Iori Yanokura

RO
3papers
57citations
Novelty47%
AI Score23

3 Papers

CVDec 9, 2020
Understanding Action Sequences based on Video Captioning for Learning-from-Observation

Iori Yanokura, Naoki Wake, Kazuhiro Sasabuchi et al.

Learning actions from human demonstration video is promising for intelligent robotic systems. Extracting the exact section and re-observing the extracted video section in detail is important for imitating complex skills because human motions give valuable hints for robots. However, the general video understanding methods focus more on the understanding of the full frame,lacking consideration on extracting accurate sections and aligning them with the human's intent. We propose a Learning-from-Observation framework that splits and understands a video of a human demonstration with verbal instructions to extract accurate action sequences. The splitting is done based on local minimum points of the hand velocity, which align human daily-life actions with object-centered face contact transitions required for generating robot motion. Then, we extract a motion description on the split videos using video captioning techniques that are trained from our new daily-life action video dataset. Finally, we match the motion descriptions with the verbal instructions to understand the correct human intent and ignore the unintended actions inside the video. We evaluate the validity of hand velocity-based video splitting and demonstrate that it is effective. The experimental results on our new video captioning dataset focusing on daily-life human actions demonstrate the effectiveness of the proposed method. The source code, trained models, and the dataset will be made available.

ROAug 4, 2020
A Learning-from-Observation Framework: One-Shot Robot Teaching for Grasp-Manipulation-Release Household Operations

Naoki Wake, Riku Arakawa, Iori Yanokura et al.

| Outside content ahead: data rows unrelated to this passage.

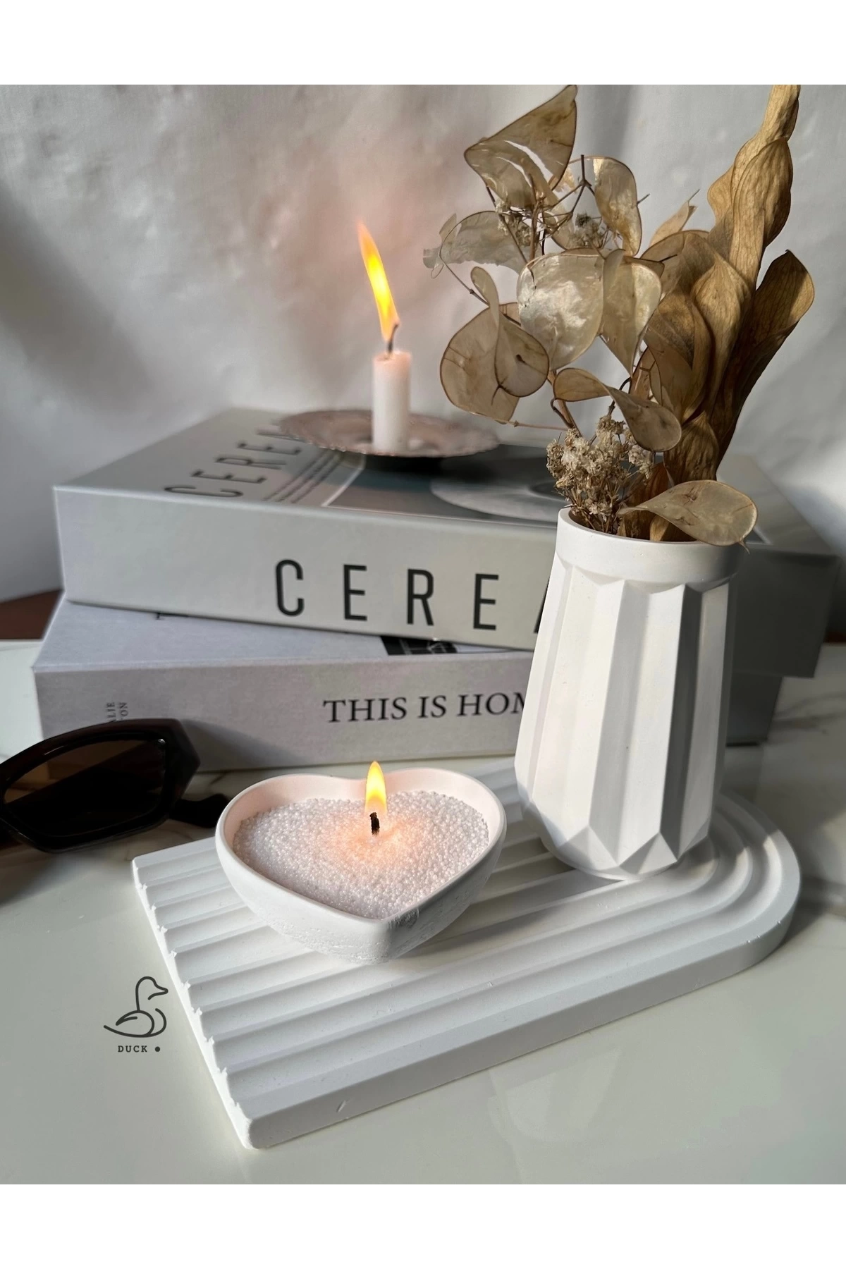 - Modern tasarımıyla dikkat çeken geometrik desenli vazo ve kalp görünümlü inci tozlu mumluk seti, evinizin dekorasyonuna şıklık katıyor.; - Üç parçadan oluşan bu set, taş tozu malzemesiyle hem dayanıklı hem de estetik bir görünüm sunuyor.; - Beyaz rengiyle her türlü mekana uyum sağlayarak, zarif ve sade bir atmosfer yaratıyor.; - 18 x 15 cm boyutlarındaki bu ürünler, hem küçük hem de orta boyutlu alanlar için idealdir.; - Türkiye'de üretilen bu mumluk seti, yerel üreticilerin kalitesini ve detaylara gösterilen özeni yansıtıyor.
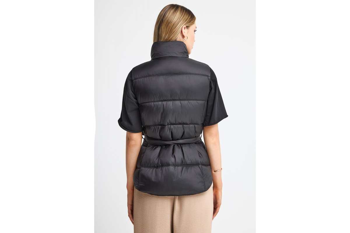 Ο αμάνικος σχεδιασμός επιτρέπει ελευθερία κινήσεων και κάνει το μπουφάν ιδανικό για μεταβατικές εποχές.
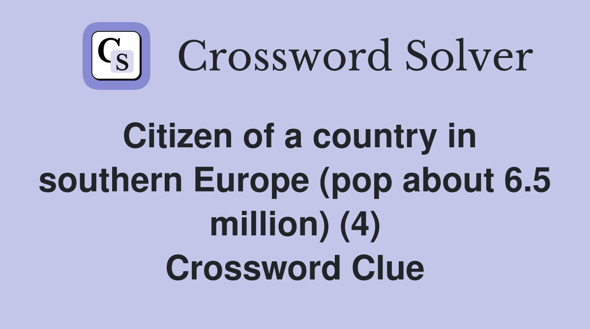 Citizen of a country in southern Europe (pop about 6 5 million) (4
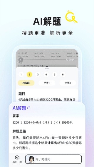 换一换快对作业最新版是一款专为学生设计的智能学习辅助软件,在这里你可以快速找到各科作业的详细解析与答案。能帮你轻松解决作业难题,提升学习效率。有丰富的习题库与在线答疑功能,随时为你提供学习支持。在自主学习中不断进步,学会独立思考与解题技巧。给你精准详细的解题思路与答案解析,展开轻松愉悦的学习辅助时光。开启个性化定制的学习辅导模式,掌握各类题型的解题技巧与方法,各类不同的题型都会在软件平台之中提供给大家。
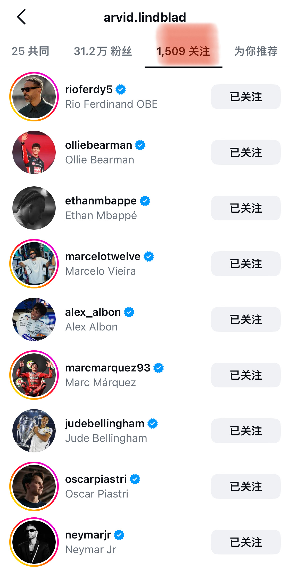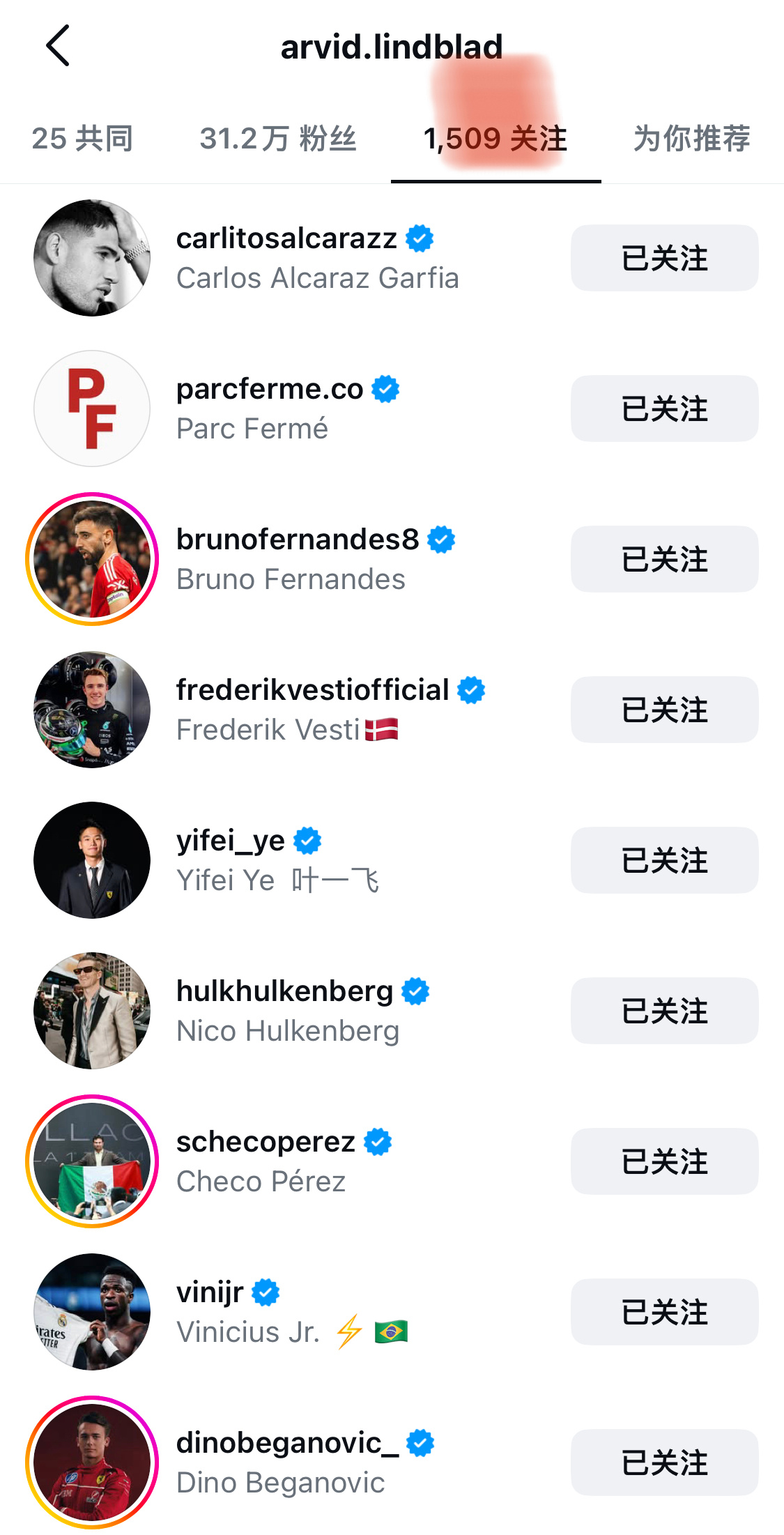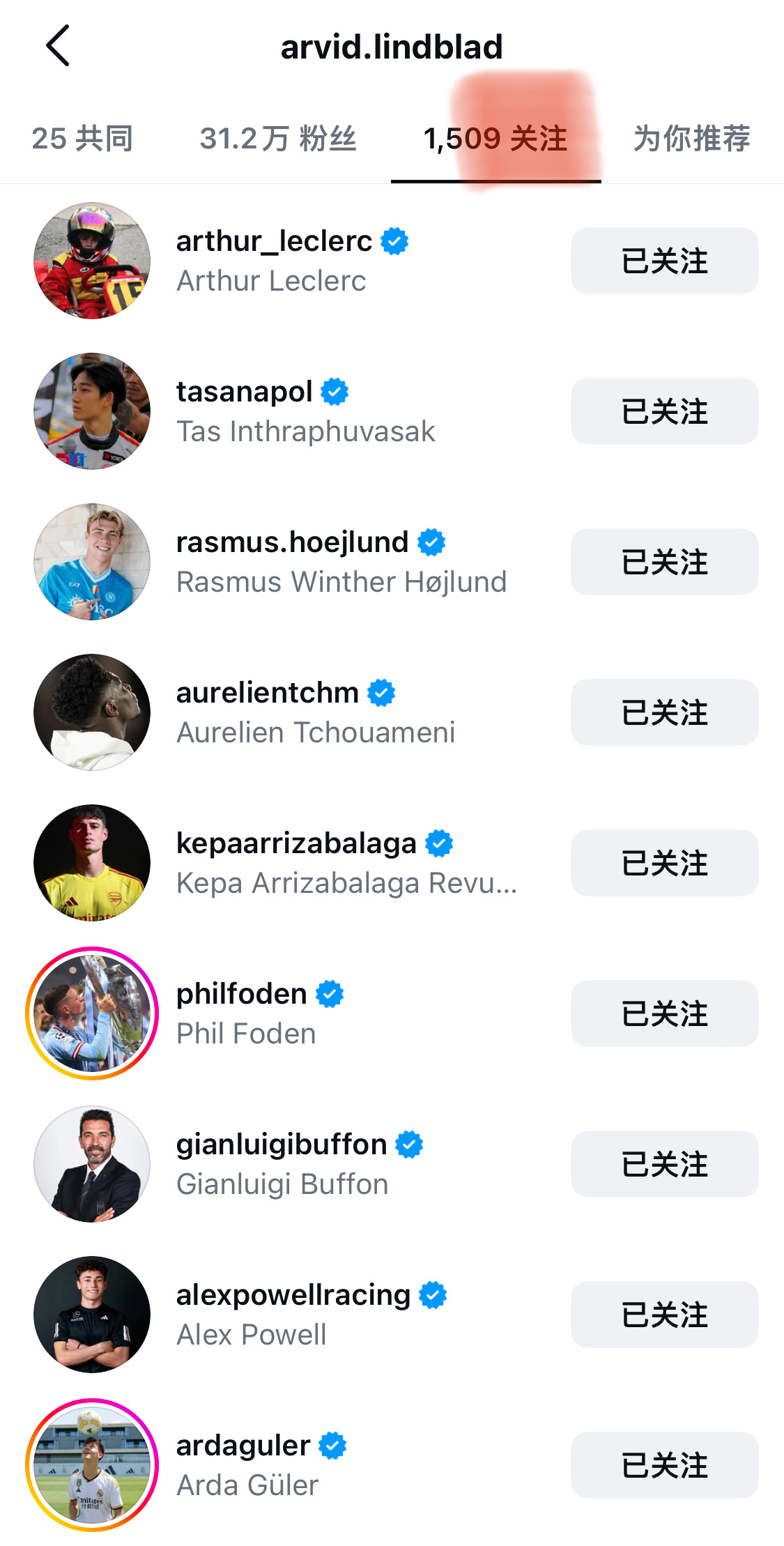 林德布拉德 这小帅还关注了挺多足球熟人的呢🫣(围场足球赛名单+1) 红牛官宣2

A household robot is expected to perform various manipulative operations with an understanding of the purpose of the task. To this end, a desirable robotic application should provide an on-site robot teaching framework for non-experts. Here we propose a Learning-from-Observation (LfO) framework for grasp-manipulation-release class household operations (GMR-operations). The framework maps human demonstrations to predefined task models through one-shot teaching. Each task model contains both high-level knowledge regarding the geometric constraints and low-level knowledge related to human postures. The key idea is to design a task model that 1) covers various GMR-operations and 2) includes human postures to achieve tasks. We verify the applicability of our framework by testing an operational LfO system with a real robot. In addition, we quantify the coverage of the task model by analyzing online videos of household operations. In the context of one-shot robot teaching, the contribution of this study is a framework that 1) covers various GMR-operations and 2) mimics human postures during the operations.

ROJul 17, 2020
Verbal Focus-of-Attention System for Learning-from-Observation

Naoki Wake, Iori Yanokura, Kazuhiro Sasabuchi et al.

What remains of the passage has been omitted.